# 3 oil Luxury Bar ala Earthygirl



## earthygirl (May 17, 2008)

Here is the recipe for the 3 oil bar I made in the swap.  Althoug a bit labor intensive I thinkit came out really well.

Soap recipe created by SoapMaker version 2.8 

some of the excerpts for the making of the milks was used from directions I got from "How to Make Marcie's Milks" and the tea instructions excerpts were from Rita Sheu of TLC Soaps(My Soap Bible). Any similarities to anyone elses recipe is strickly unintentional. 

Earthy`s 3 Oil Luxury Bar 
Michele Jordan 

Soap Type: Solid Soap(CP) 

Base Oils: 
Coconut 9 oz 
Emu 14 oz 
Pumpkin Seed 8 oz 

Additives: 
Chamomile Flowers .5 cps 
Barley, Fine .75 cps 
Rice Jasmine 1 cps 
Rice Flour 2 tsp 
Honey Raw 2 tsp 

Lye discount: 6 % 
Lye needed: 4.43 oz 

Water discount: 0 % 
Water needed: 10.98 oz ( I rounded to 11oz) of 1/2 and 1/2 milks 


Make milks 

Rice Milk: 

Soak 1 cup rice in 4 cups of (distilled)water overnight. Drain, rinse and place rice into a blender with 1 1/2 quarts spring or distilled water and blend until liquified. Strain with a very fine sieve, discarding the pulp. Pour rice milk into a large stock pot, bring to boil, turn heat back and simmer for 20 minutes. Watch carefully that the rice milk does not scorch while cooking. Remove pan from heat, let cool before freezing. 

Barley Milk: 

Soak 3/4 cup barley in 4 cups of (I used distilled) water overnight. Drain, rinse and place barley into blender with 1 1/2 quarts spring or distilled water and blend until liquified. Strain with a very fine sieve or use as is. Freeze until ready to use. 
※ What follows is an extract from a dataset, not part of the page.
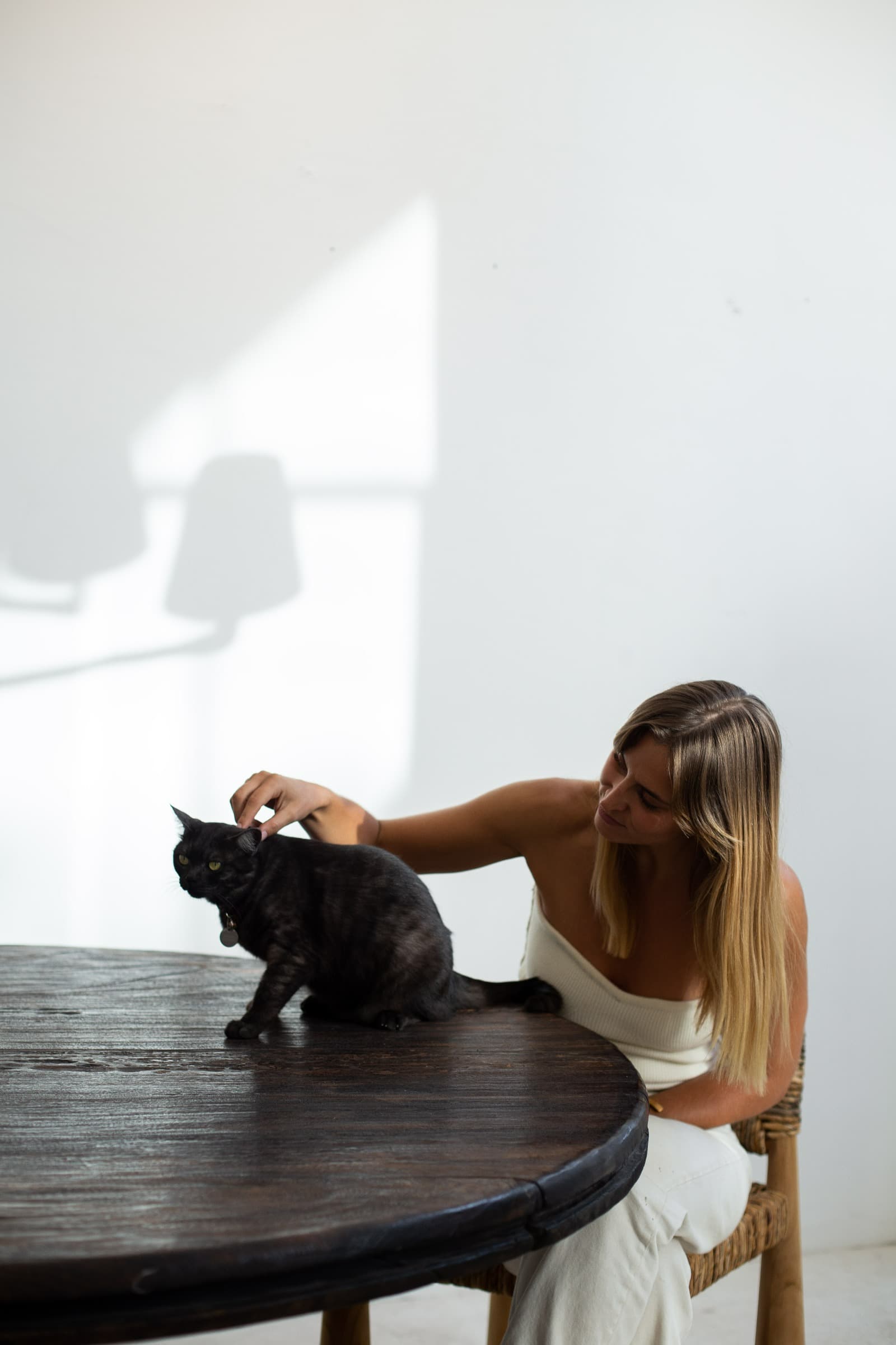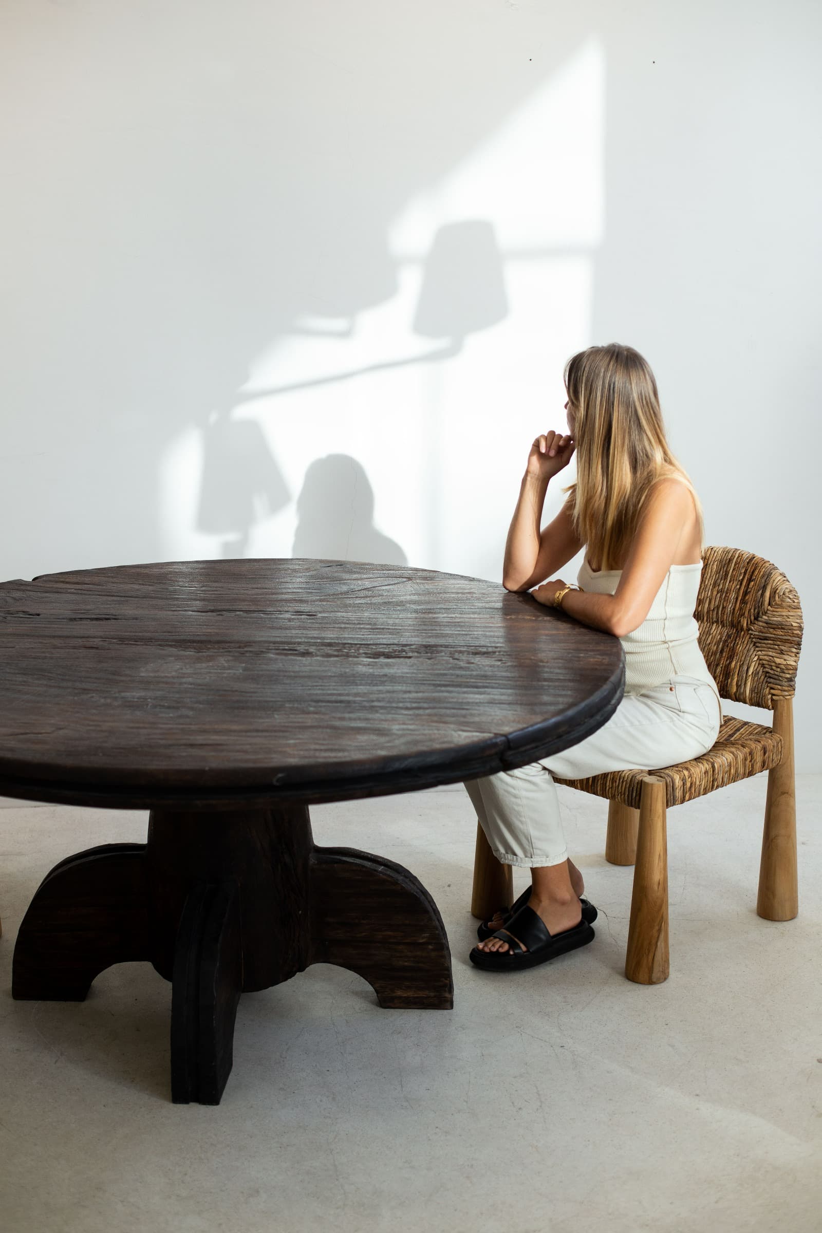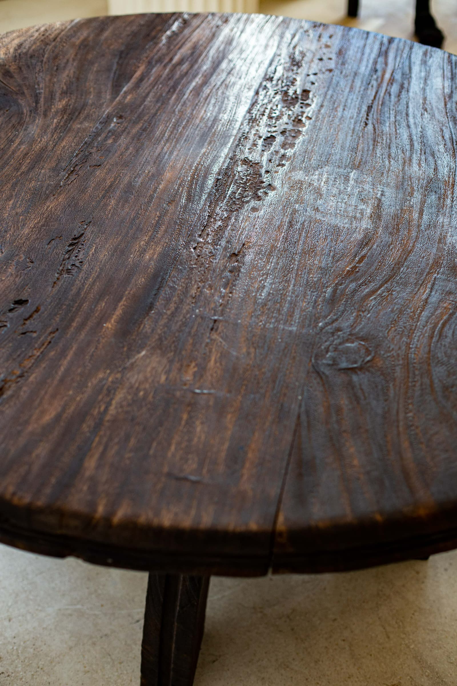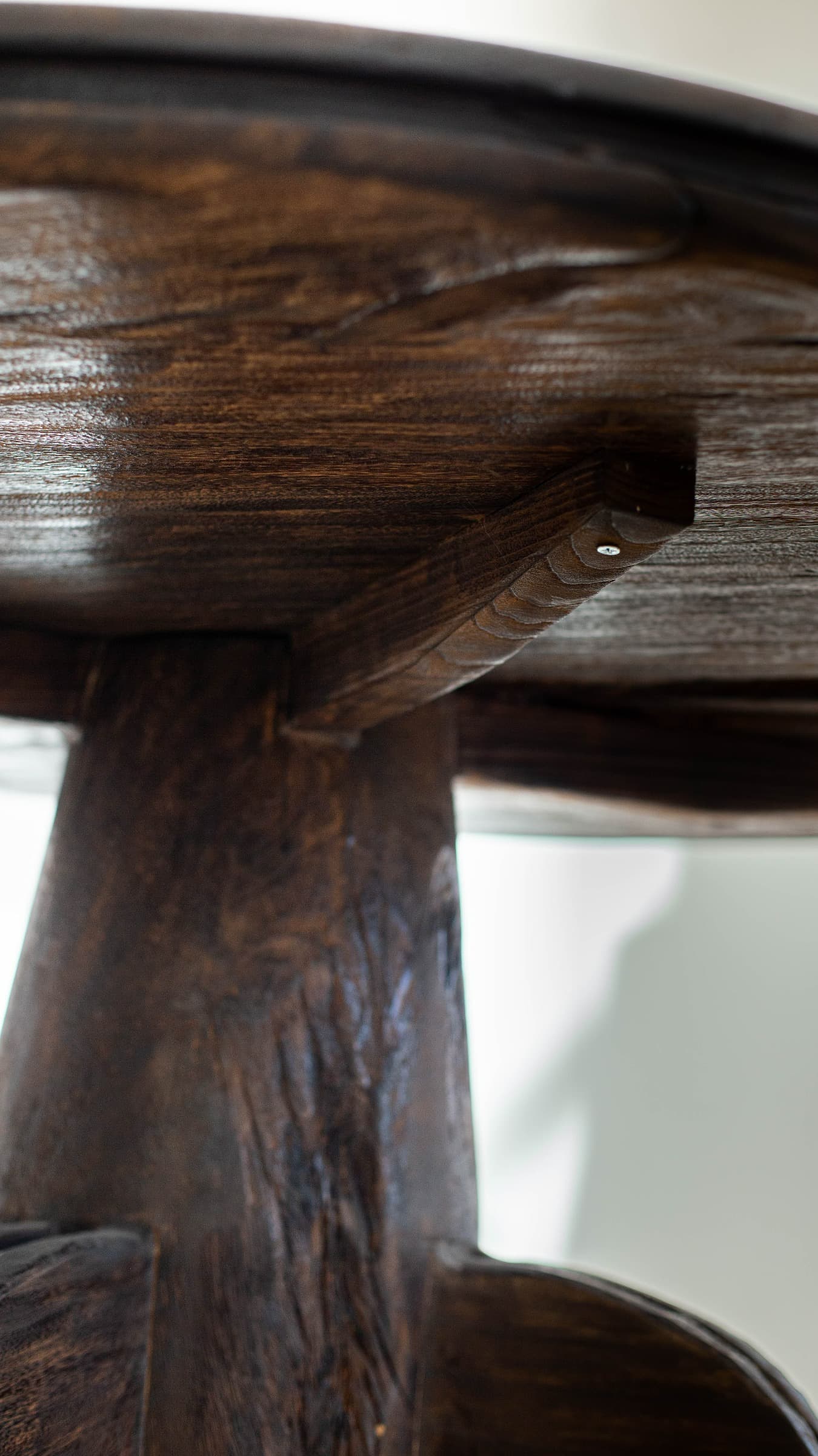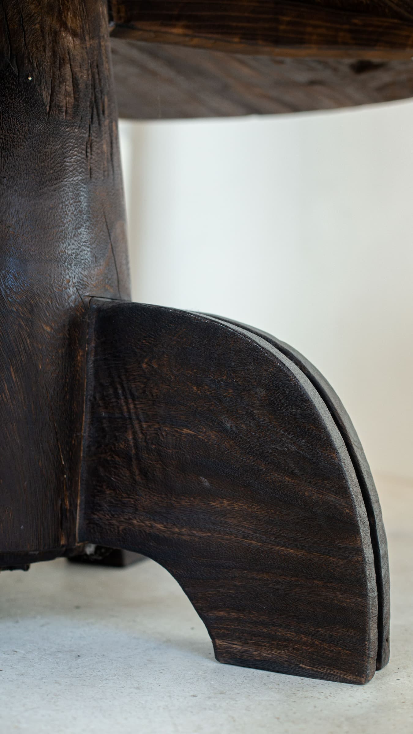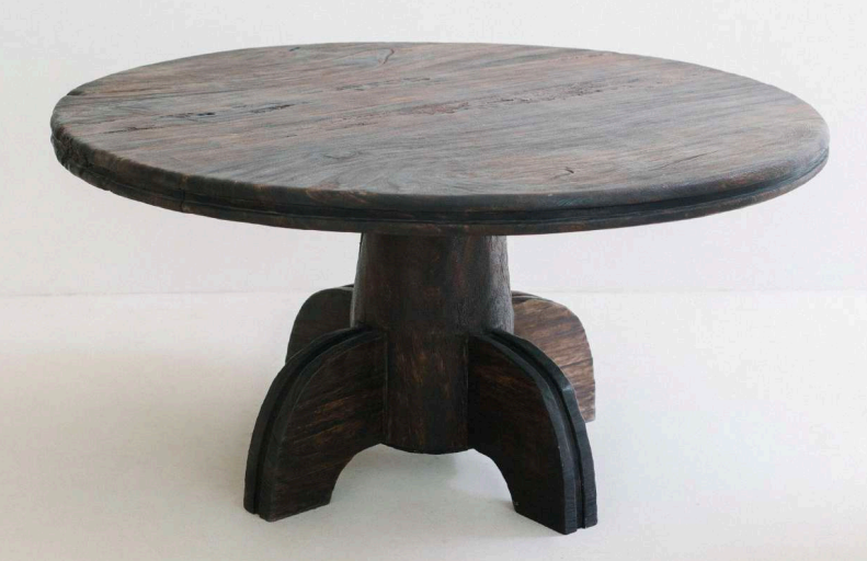 AGED CIRCULAR TOP ON PEDESTAL BASED TIMBER, CONSTRUCTION SHOU SUGI BAN FINISH

Make up 11oz of rice/barley milk, place in pot with 1/2c of chamomile flowers and make a tea 

(To make the herbal tea, add 1/2 cup of the chamomile for each 16 oz of liquid(in this case the milk), you can use more if you like. ) 

I use the whole herb as it makes it easier to strain than if it is powdered. Simmer the herbs in the liquid, just like when you are making tea, for about 10 minutes Put the lid on and let it cool completely or even place in the fridge over night if you like. When ready to use, warm the tea a bit and strain out the chamomile. You may want to use a couple layers of muslin or 3 or 4 layers of cheese cloth making sure you have enough to gather up around the chamomile and squeeze out as much as you can. Remember to weigh your liquid again and replace what was lost. 
add the lye to the Herbal milk tea. 

warm oils with honey then add the lye/milk/tea to the oil mixture and stir till light trace. stir in your ground/powdered/sifted rice flour. 

stir till trace.


----------



## digit (Jun 8, 2008)

This is interesting. What does the rice milk contribute to the soap?

Thanks,
Digit


----------



## Woodi (Jun 8, 2008)

It is truly an excellent soap! I am lucky to have one of those swap bars, and have been using it for 3 days now. I love it. 
Because it has so much bubbly lather, I'm guessing that the coconut oil, as well as the honey, are contributing factors. It is also very rich and luxurious feeling on the skin. I would certainly label this a 'luxury bar'.

Congrats on a great recipe, earthygirl! and thanks for sharing it!


----------



## Soapmaker Man (Jun 8, 2008)

It was a very good bar of soap.  You did a wonderful job.  Thanks for sharing your recipe! 8) 

Paul


----------



## digit (Jun 11, 2008)

Yes, thank you for sharing. This one is on my "to do" list.   

Digit


----------



## Guest (Jun 27, 2008)

Sounds like heaven.

I know this will sound odd - but - I worked at a local zoo as a teenager and Emus stink to high heaven. Now - I know that emu oil does not - but I can't get that smell out of my head.


----------